The 1000 Genome Project

To demonstrate that the proposed method is capable of detecting STR polymorphisms from NGS data, we have downloaded NGS genomic data from the 1000 Genomes Project as benchmark datasets. The 1000 Genomes Project is an ongoing international research project, the goal of which is to provide population-scale and high-coverage sequencing data world-wide. In 2010, the project completed its first phase, which included 3 pilot projects: the Low Coverage Project for providing low-coverage, whole-genome sequencing data from 179 people; the Exon Project for providing high-coverage sequencing data from 697 people, with sequencing regions limited to exonic regions of 906 randomly selected genes; the Trio Project for supporting whole-genome, high-coverage sequencing data from two families in different populations [33]. In the Trio Project, each family comprised 3 persons: father, mother, and daughter. The high-coverage sequencing data on the whole-genome scale suggested the Trio Project as an ideal sample resource for identifying various STR polymorphisms. The 1000 Genomes Trio Project files were downloaded from the NCBI FTP site in binary alignment map (BAM) format which is a de facto standard format for representing reference mapping results [34]. Because the files were retrieved from NCBI and mapped to the standard human genome sequences, the first step in our proposed method could be omitted. Instead, we applied SAM tools to transform the binary-archived BAM format into the plain-text SAM format, and applied the mpileup tool, which was bundled with the SAM tools to generate the consensus sequences for each individual in the Trio Project.

Ensembl Dataset

The human genome sequences of GRCh37 from the Ensembl FTP site were also downloaded as references, and Ensembl gene annotations from BioMart interfaces were retrieved to verify genetic locations of STR motifs [35]. In the developed system, the Ensembl human genome database from version 73 was applied for analysis. A total of 56235 genes were annotated, analyzed, and compared in this study.

CODIS markers

To verify the proposed method using previously published polymorphic STR motifs, we applied the well-known STR markers from the combined DNA index system (CODIS). The CODIS is a criminal forensic DNA database constructed by the U.S. Federal Bureau of Investigation (FBI). There were 13 highly polymorphic STR markers listed in the CODIS [5]. Each defined polymorphic STR marker within the collected 7 individual human genomes was retrieved and compared at different levels of specificity.

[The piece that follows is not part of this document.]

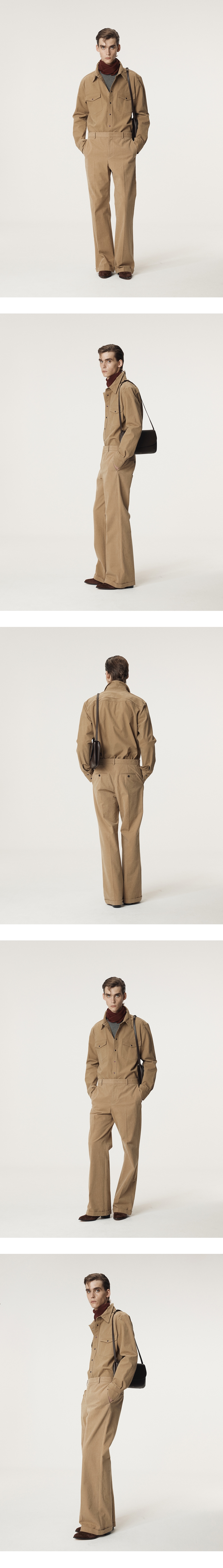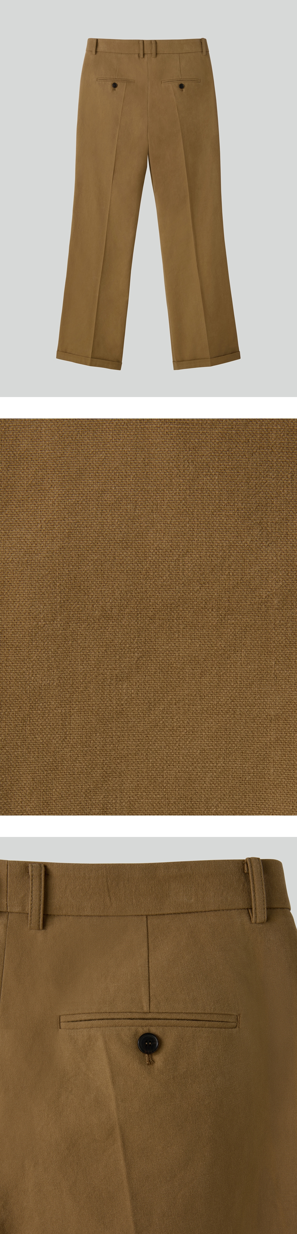 - 피치 가공과 워싱을 더해 완성된 빈티지 텍스처의 코튼 캔버스 - 여유로운 플레어 실루엣으로 자연스럽고 세련된 라인 연출 - 뒷 포켓 소뿔 단추 디테일이 더하는 클래식 무드 - 밑단 카브라 처리로 완성도를 높인 디자인 - 앞뒤 프레스 디테일로 깔끔하고 단정한 핏 유지

Disease-related STR markers

All STR markers collected in the CODIS system were linked with neither gene regulation networks nor genetic diseases. However, several STR variations have been verified as crucial factors in causing lethal diseases, and many of the identified STRs play important roles as regulatory elements that affect gene expression. Though there are no individual medical records available for the acquired Trio samples, these verified STRs were detectable and it could be used to determine whether polymorphisms of known disease-related STR motifs occur among different individuals in the Trio Project.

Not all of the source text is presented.